**ACTIVITY**
Respond with nothing but the number of lines in this data that include the word "campione".

**LISTED ENTRIES**
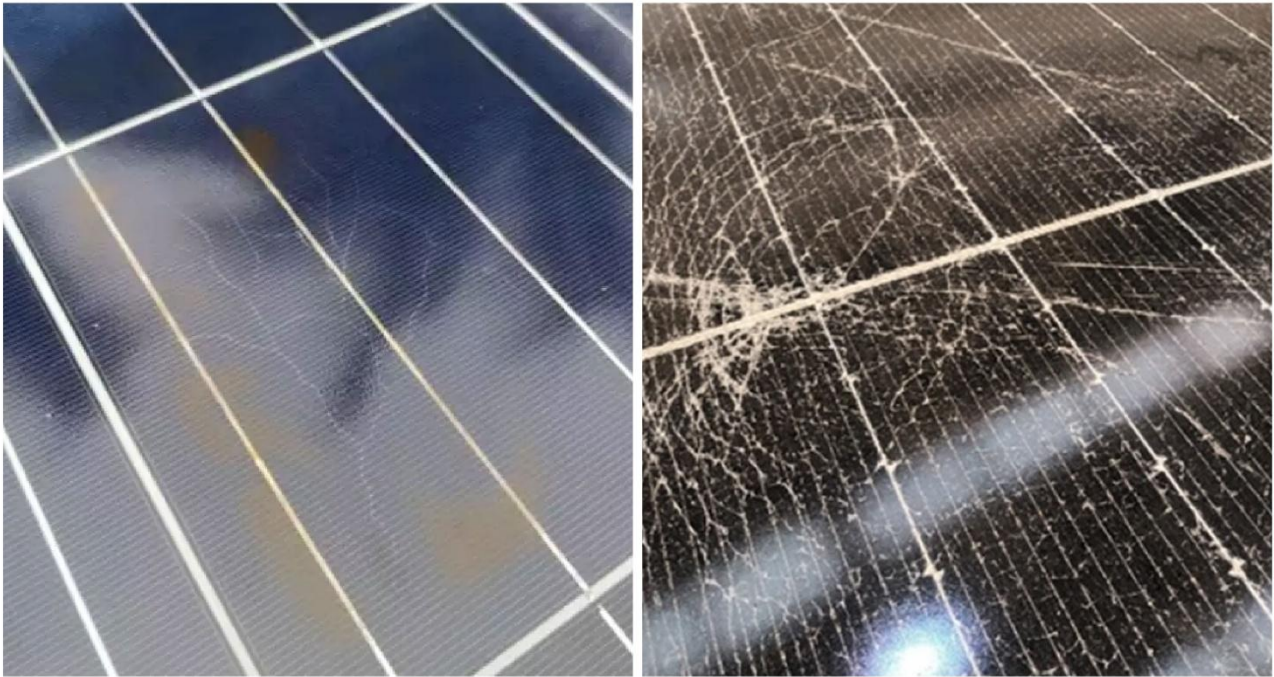
Ejemplo de estrés térmico
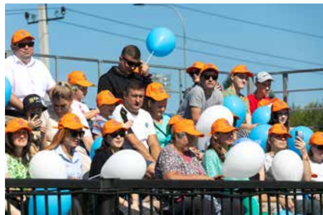
За водителей на трибунах переживали их родные и коллеги
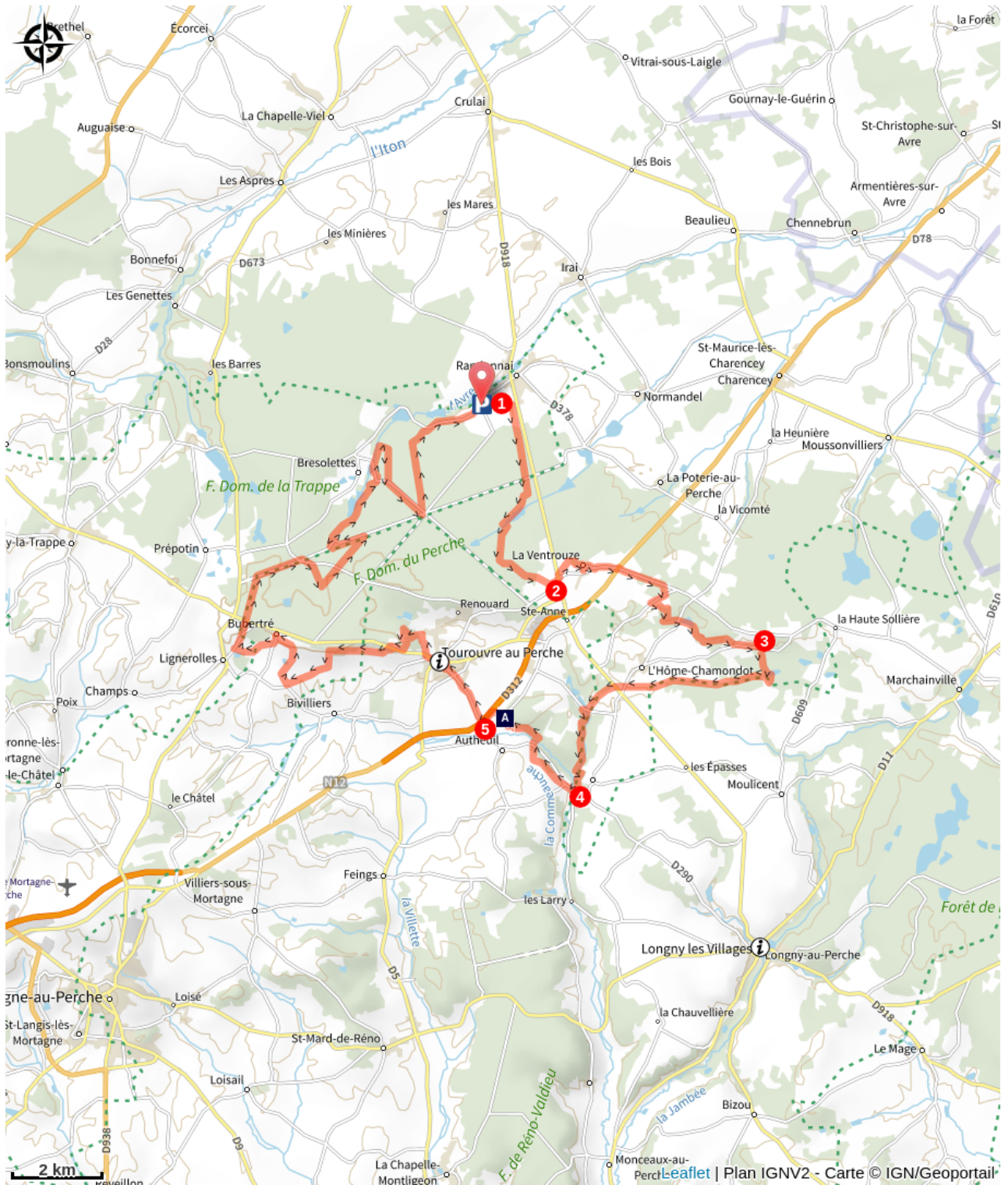
Le Manoir de Bellegarde (A)
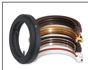
Isolateurs de roulement
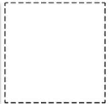
Colore a campione synthetic

Per colore a campione, prevedere maggiorazione.
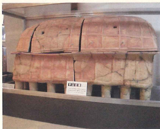
(井手町指定文化財 平山古墳出土陶棺)
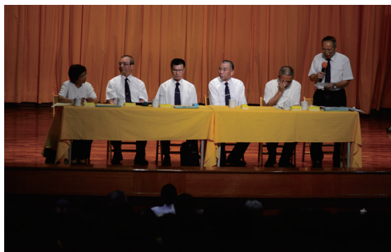
▲ 北區資源共享說明會，Q & A時間互動熱烈。
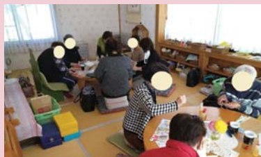
子ども園での社会貢献活動の準備風景 (保護司会、更生保護女性会、BBS 会員の皆さん)
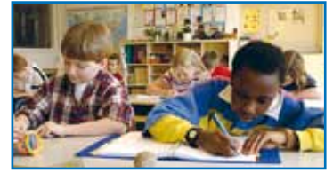
VEILIG NAAR SCHOOL
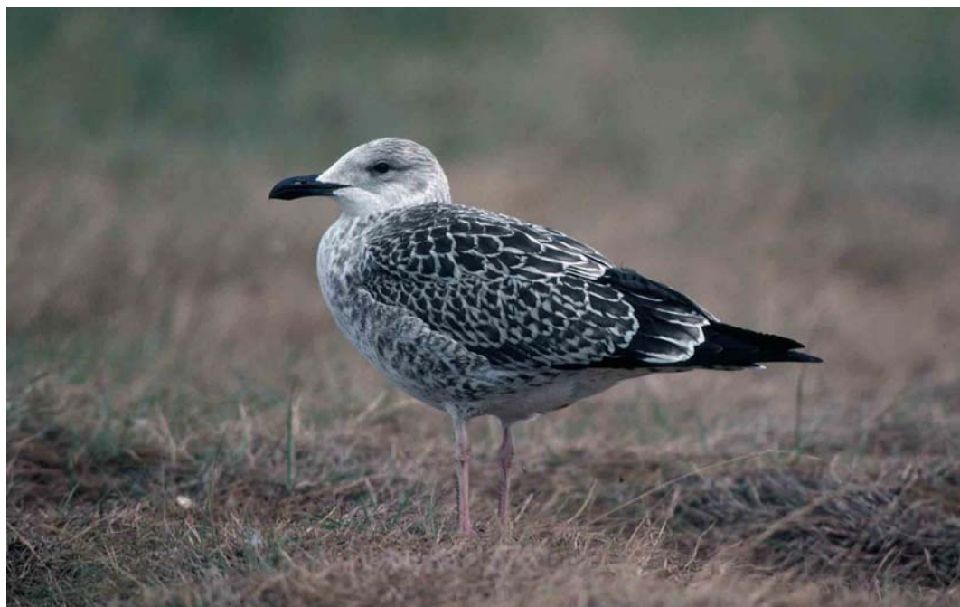
116 Lesser Black-backed Gull / Kleine Mantelmeeuw Larus graellsii , juvenile, Maasvlakte, Zuid-Holland, Netherlands, August 1990. Rather pale-headed individual 117 Baltic Gull / Baltische Mantelmeeuw Larus fuscus , juvenile, Turku, Finland, 3 September 1997. Note pattern of fresh first-winter scapulars, whitish fringes of wing-coverts and tertials, and pale ground colour of head and underparts
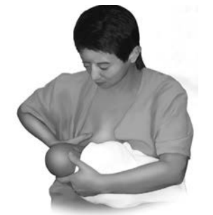
Posición de cuna cruzada o de transición
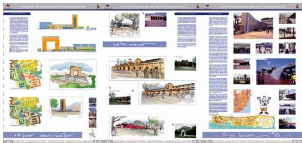
Proyectos Estratégicos para el nudo Av. Carlos Valdovinos - Av. Vicuña Mackenna y Recuperación de Edificios de Valor Patrimonial. Proyecto de Referencia Internacional.
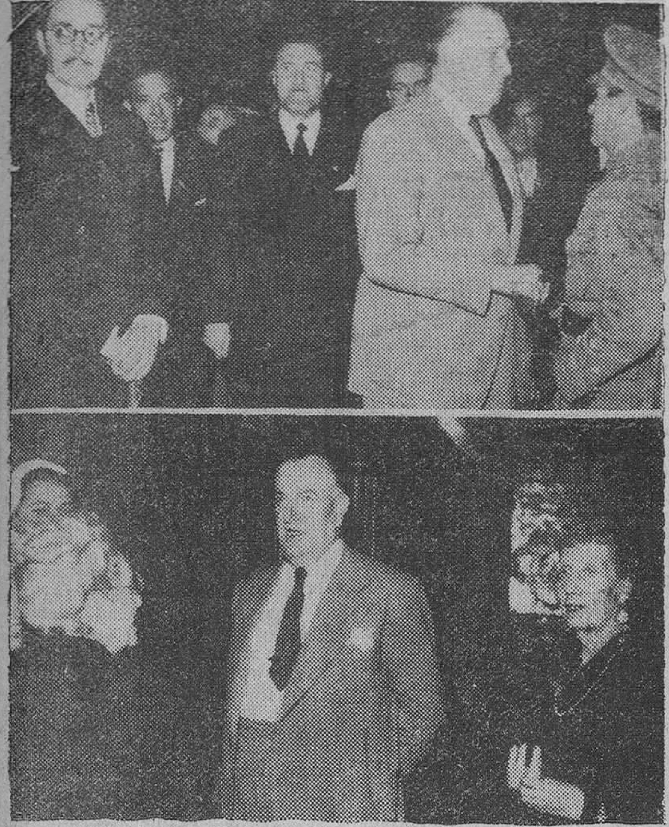
Dos momentos de la llegada del ministro de Obras Públicas a nuestra ciudad

Hoy recibirá el hábito de Caballero de la Real Cofradía de Santiago
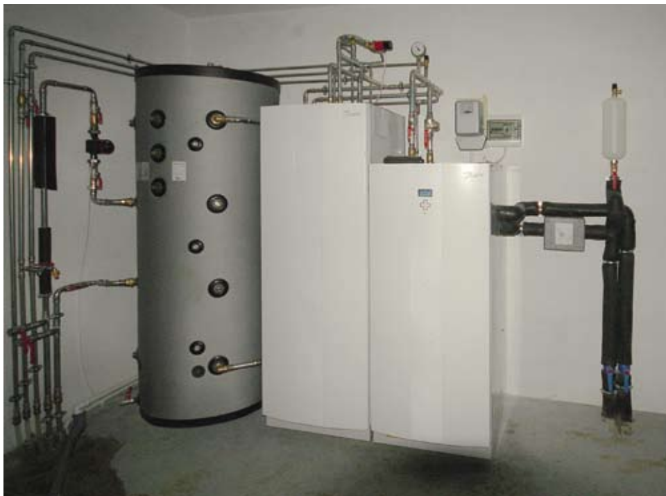
▼ Mrocza. Od lewej strony stoją: zbiornik buforowy (500 litrów), zbiornik ciepłej wody użytkowej (300 litrów) oraz pompa ciepła Danfoss DHP-L o mocy 16 kW

solidnie ocieplonego domu o powierzchni użytkowej 130 m 2 (typowa jednopiętrowa „kostka” z płaskim dachem), zbudowano drugi podobny budynek mieszkalny o nieco większym metrażu. Często spotykany rodzaj inwestycji, kiedy to dzieci budują w pobliżu rodziców. Pierwszy dom ogrzewany był od lat kotłem na olej opałowy.

**RESPONSE**
2